» What to do
Pictures are to be left out. Return exactly the lines below from the one with "Kaarpas Yellow Full" up to and including the one with "وقد رجحت طائفة".
### Data for this task
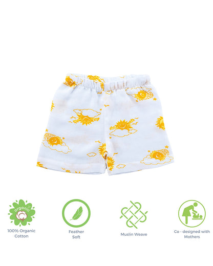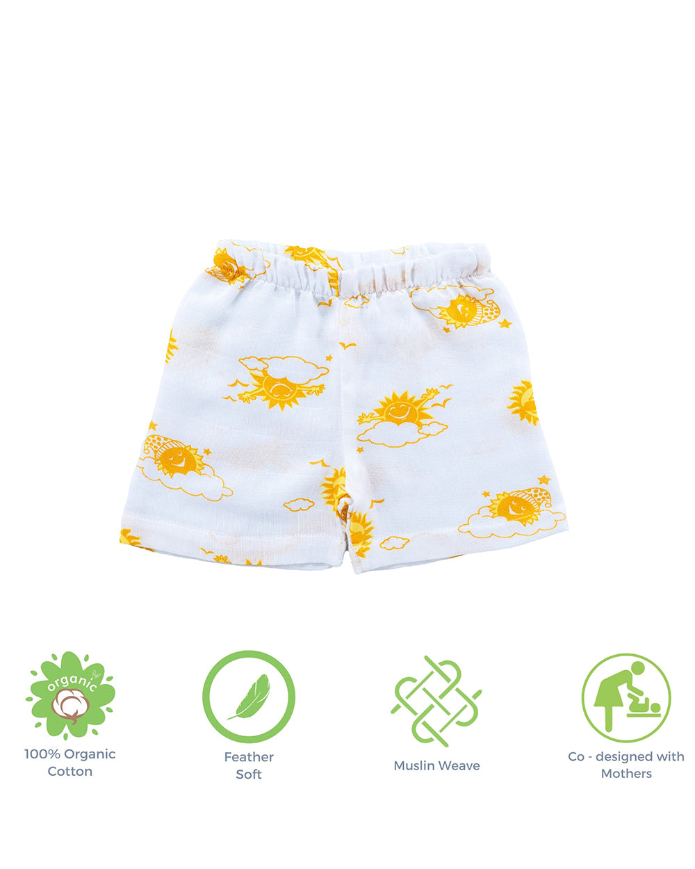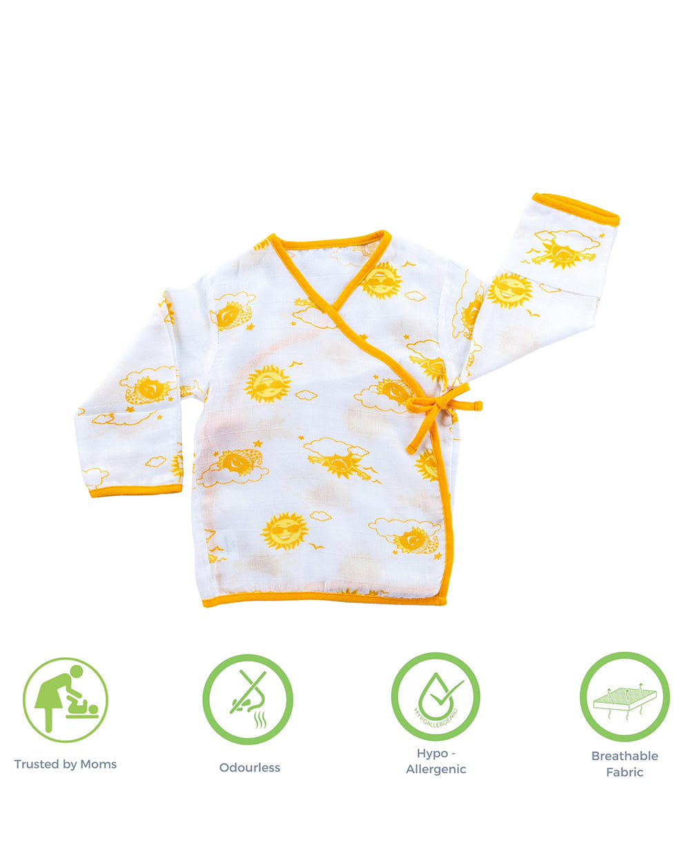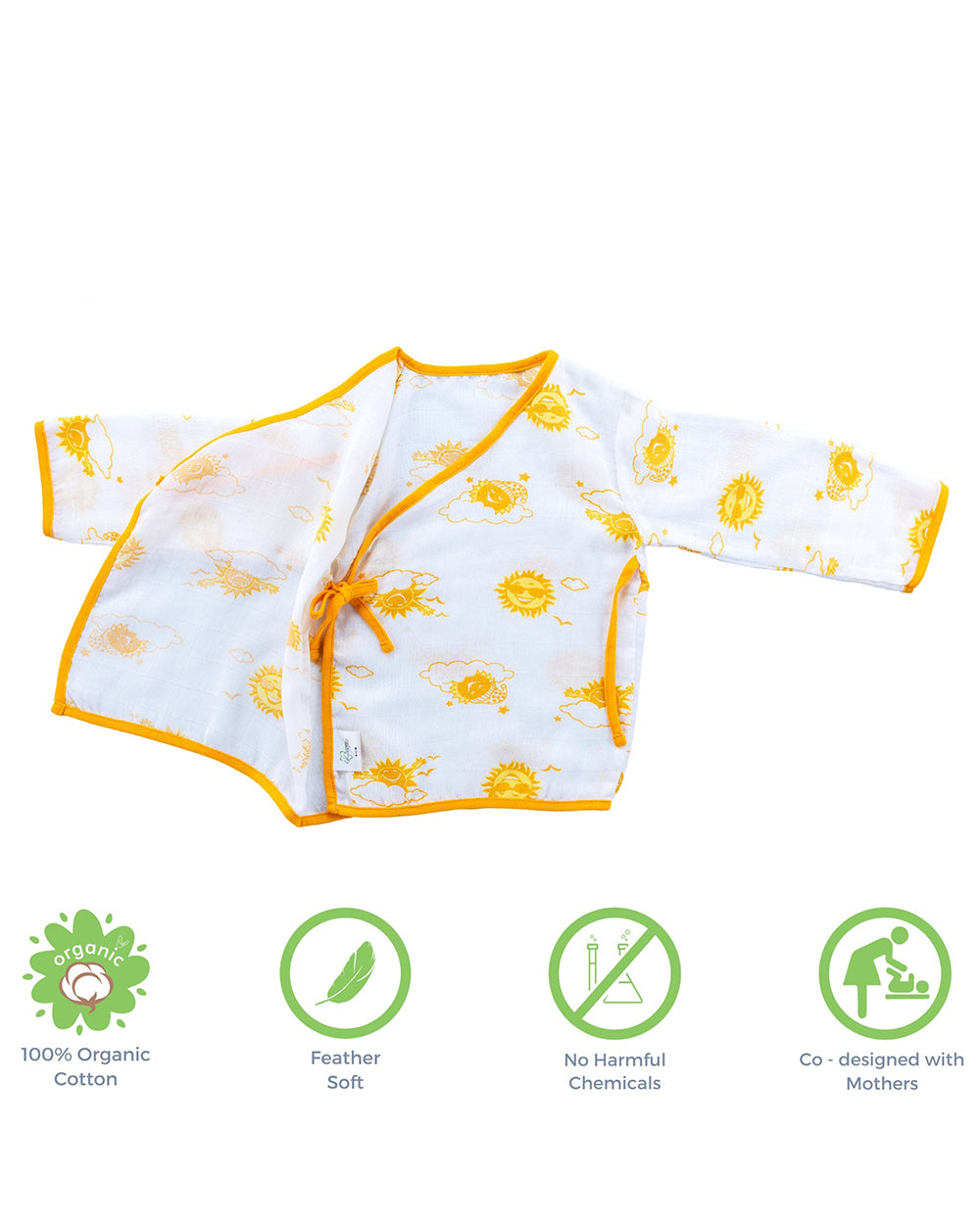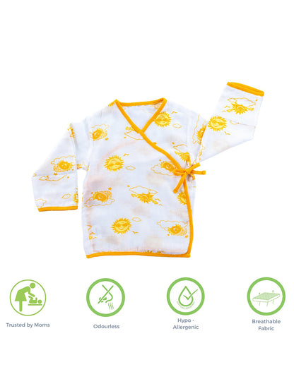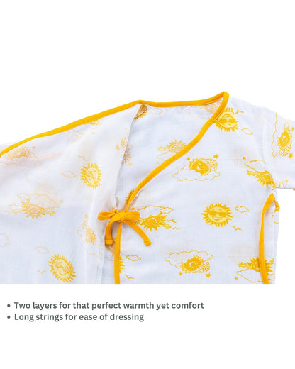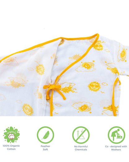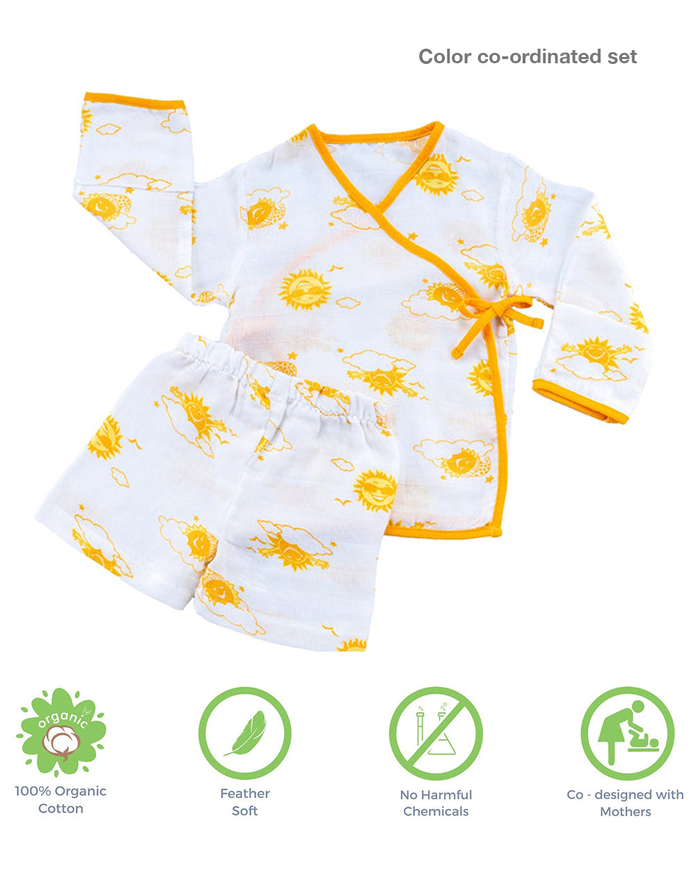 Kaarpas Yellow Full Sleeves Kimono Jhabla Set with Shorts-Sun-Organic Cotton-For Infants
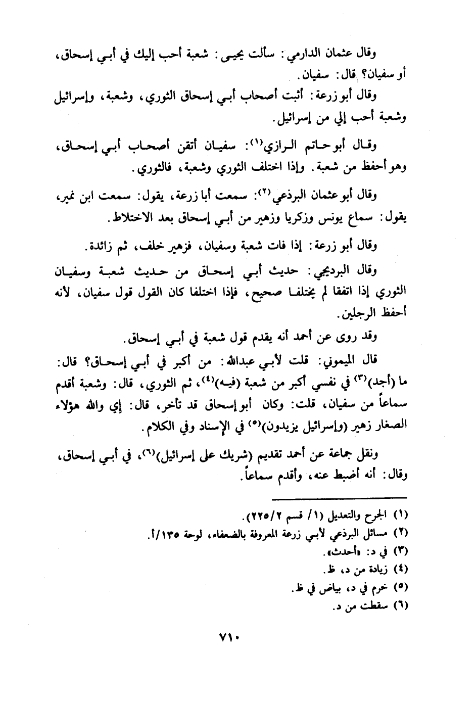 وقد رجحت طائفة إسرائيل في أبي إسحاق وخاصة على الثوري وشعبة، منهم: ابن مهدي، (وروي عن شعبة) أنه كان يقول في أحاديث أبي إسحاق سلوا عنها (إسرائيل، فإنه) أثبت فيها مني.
######
### Data for this task
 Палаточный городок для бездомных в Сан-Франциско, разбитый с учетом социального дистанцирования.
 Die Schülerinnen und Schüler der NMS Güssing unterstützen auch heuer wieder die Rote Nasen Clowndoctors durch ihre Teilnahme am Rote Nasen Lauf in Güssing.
######
» Response below
 Kaarpas Yellow Full Sleeves Kimono Jhabla Set with Shorts-Sun-Organic Cotton-For Infants
 وقد رجحت طائفة إسرائيل في أبي إسحاق وخاصة على الثوري وشعبة، منهم: ابن مهدي، (وروي عن شعبة) أنه كان يقول في أحاديث أبي إسحاق سلوا عنها (إسرائيل، فإنه) أثبت فيها مني.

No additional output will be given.